COMIC DRAMA; 2hr 2min (French with subtitles)
STARRING: Isabelle Huppert, Laurent Lafitte, Marina Foïs, André Marcon, Raphäel Personnaz
Boredroom: Huppert
Combining “elements of fiction with a subjective view,” writer-director Thierry Klifa takes a head trip down the plushly lined rabbit hole of cosmetics powerhouse and titular femme riche Marianne Farrère (Huppert). Loosely based on the avidly reported, politically scandalous 2010-ish antics of L’Oréal heiress Liliane Bettencourt, Huppert’s Marianne is a vividly lipsticked autocrat whose rigorous control of her family’s Windler Group belies a rebel spirit begging for a cause.

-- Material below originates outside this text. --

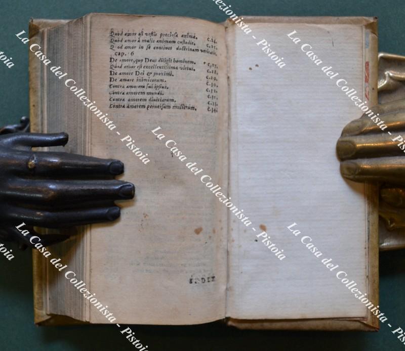 (Religione - elzeviriana - edizione 1669) AGOSTINO AURELIO (Santo). DIVI AURELII AUGUSTINI HIPPON. EPISCOPI MEDITATIONES, Soliloquia et Manuale ..... Lugduni, Sumpt. Antonij Iullieron, 1669. Cm 5x10.8, legatura coeva in piena pergamena. Pp. 374 + pp. 10 non numerate di indice (mancano le ultime 2); frontespizio inciso. Ottima conservazione. (Rif.F7245)

She finds a hedonistic excuse for one in exuberant gay writer-photographer Pierre-Alain Fantin (Lafitte), who, after imperiously shooting Marianne for a magazine cover, blasts through her stuffy existence like a cleansing gale, sweeping its hidebound protocols before him. While Marianne’s husband, Guy (Marcon), is cautiously intrigued by her new crush, her strait-laced daughter Frédérique (Foïs) and dedicated butler Jérôme (Personnaz) are less than beguiled right off the bat. Swept away as only the most defensive of loners can be, an enchanted Marianne loftily disregards them all.
Watching Marianne and Pierre-Alain cut loose like stoner teens is a fun time that implodes with a rollout of bangs, propelled in equal explosive parts by the family’s damaged financial reputation and a volatile Pierre-Alains’s insatiable greed. Manipulation and delusion are a pairing for the ages, after all. But if Marianne’s tall tale feels told from the start, Huppert is a subverter of even the creakiest clichés. From queenly dragon lady to ensnared butterfly, Marianne is irrevocably alone.